4.2. Potential Limitations

The potential hindrances that we may encounter during the course of the project and in the following data analysis are of both a logistic and statistical nature. First, the current lack of follow-up data on mortality outcomes represents a notable limitation at present, since it does not allow for the modelling of algorithms predicting incident death risks. However, we are planning to ask public authorities for access to the national mortality registry (Registro Nominativo Cause Morte, ReNCaM). The same applies for regional hospitalization registries of all the regions where our clinics/hospitals are located, although in this case the high fidelity of patients increases the likelihood that they get hospitalized in our centres, and this partly reduces this bias. Also, it is worth underlining that we are presently working with a large data goal of collecting massive volumes of data at a fast pace, without taking into account a specific study design. Second, the low recruitment and answer rate for some population strata, which is especially pronounced for older, less educated and low SES subjects, may introduce biases due to missing not at random (MNAR) data patterns. However, modern data imputation techniques like multiple imputation allow for the reduction of this bias, notably increasing the sample size and thereby its power [35]. Finally, although the current COVID-19 pandemic may further hamper recruitment, the project revealed a high resilience and adaptability to new clinical settings, even under stress conditions.

5. Conclusions

In conclusion, the Clinical Network Big Data and Personalised Health Project represents the first large hospitalized cohort in the South of Italy with the aims of implementing a platform that supports clinics, predicts the risk of morbidity, hospitalization and mortality, and improves the concept of personalized medicine.

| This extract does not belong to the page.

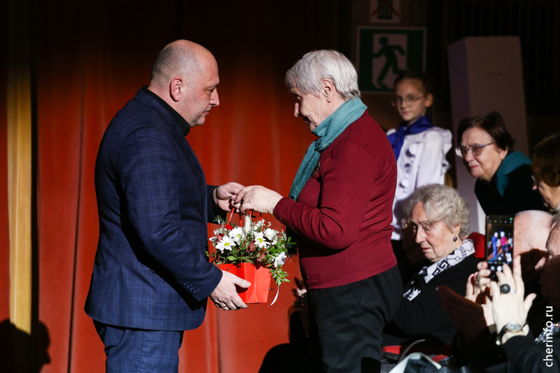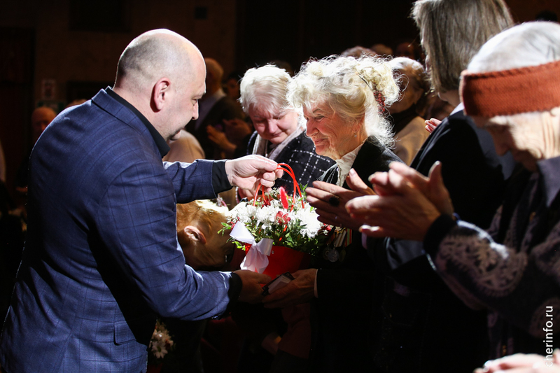 Перед началом мероприятия председатель Гордумы Илья Ивашов поздравил и вручил цветы десяти блокадникам.

In addition to the diversity of data collected within this framework, we are working towards integrating additional types of data, including both internal (neuroimaging, blood markers) and external exposomes (air pollution, drug prescriptions). Similar attempts were already carried out on a smaller scale within the institute, e.g., integrating L-Dopa dosages taken by Parkinson’s disease patients, anamnestic and clinical characteristics and genetic data to identify features predicting the risk of L-Dopa induced dyskinesia.

Future Perspective

This represents a prominent example of how different types of EHRs may be used together in pharmacoepidemiology and translational medicine through a personalized approach. Also, to favour the exploitability of our data and in an open science perspective, we aim to make data available to the scientific community for potential collaborations (see Data Availability Statement) so as to speed up research in the field and improve the identification of novel risk factors for common diseases and data patterns predicting re-hospitalization risk.